What you return should be the full listing, word for word, without a single image.
Start of Data provided
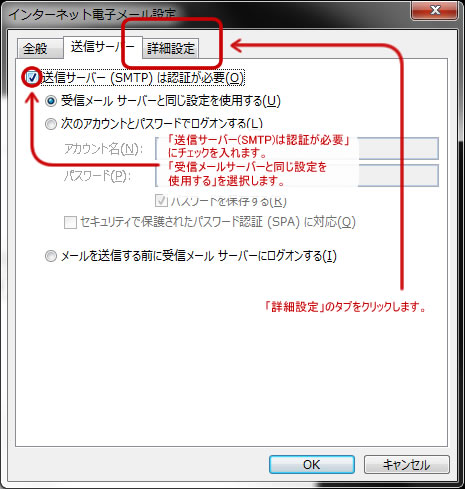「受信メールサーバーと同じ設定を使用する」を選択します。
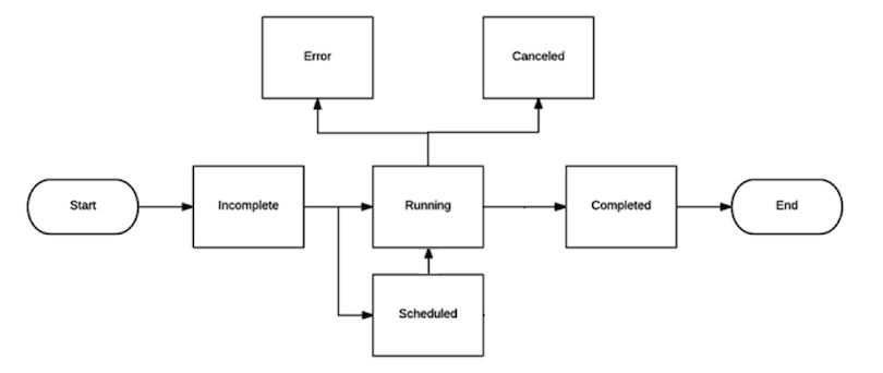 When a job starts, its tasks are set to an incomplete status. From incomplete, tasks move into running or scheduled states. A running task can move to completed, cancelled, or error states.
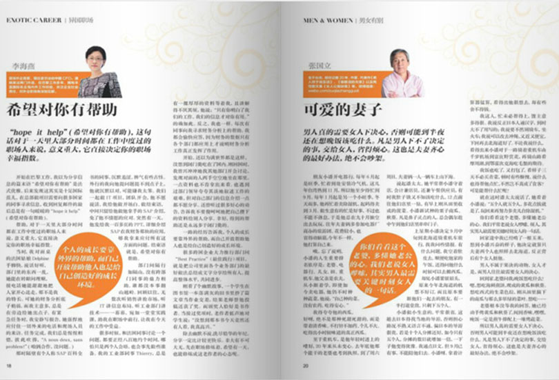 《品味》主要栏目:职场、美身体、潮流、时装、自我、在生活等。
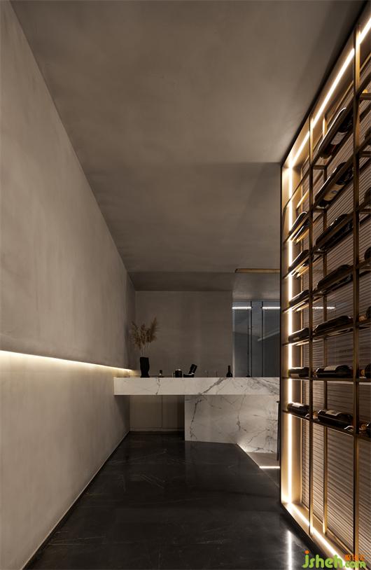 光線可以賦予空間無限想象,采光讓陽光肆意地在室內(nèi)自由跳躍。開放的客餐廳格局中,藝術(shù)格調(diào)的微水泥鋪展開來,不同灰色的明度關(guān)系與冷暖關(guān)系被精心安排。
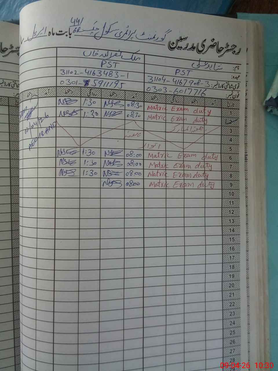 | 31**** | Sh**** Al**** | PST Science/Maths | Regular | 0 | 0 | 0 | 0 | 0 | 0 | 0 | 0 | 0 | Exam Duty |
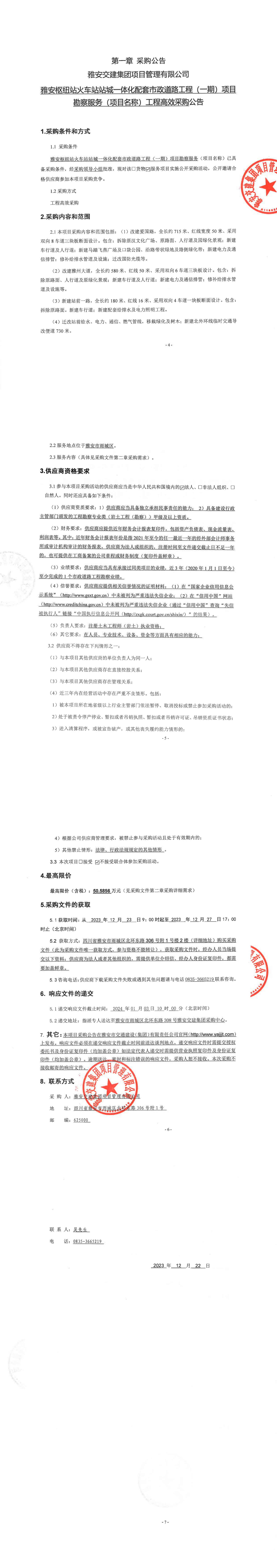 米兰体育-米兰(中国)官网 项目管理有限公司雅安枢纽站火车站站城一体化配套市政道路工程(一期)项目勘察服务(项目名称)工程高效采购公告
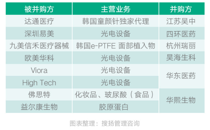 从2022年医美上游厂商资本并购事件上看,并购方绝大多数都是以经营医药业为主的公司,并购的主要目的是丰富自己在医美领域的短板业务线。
End of Data provided
→ **Written solution**
「受信メールサーバーと同じ設定を使用する」を選択します。
 When a job starts, its tasks are set to an incomplete status. From incomplete, tasks move into running or scheduled states. A running task can move to completed, cancelled, or error states.
 《品味》主要栏目:职场、美身体、潮流、时装、自我、在生活等。
 光線可以賦予空間無限想象,采光讓陽光肆意地在室內(nèi)自由跳躍。開放的客餐廳格局中,藝術(shù)格調(diào)的微水泥鋪展開來,不同灰色的明度關(guān)系與冷暖關(guān)系被精心安排。
 | 31**** | Sh**** Al**** | PST Science/Maths | Regular | 0 | 0 | 0 | 0 | 0 | 0 | 0 | 0 | 0 | Exam Duty |
 米兰体育-米兰(中国)官网 项目管理有限公司雅安枢纽站火车站站城一体化配套市政道路工程(一期)项目勘察服务(项目名称)工程高效采购公告
 从2022年医美上游厂商资本并购事件上看,并购方绝大多数都是以经营医药业为主的公司,并购的主要目的是丰富自己在医美领域的短板业务线。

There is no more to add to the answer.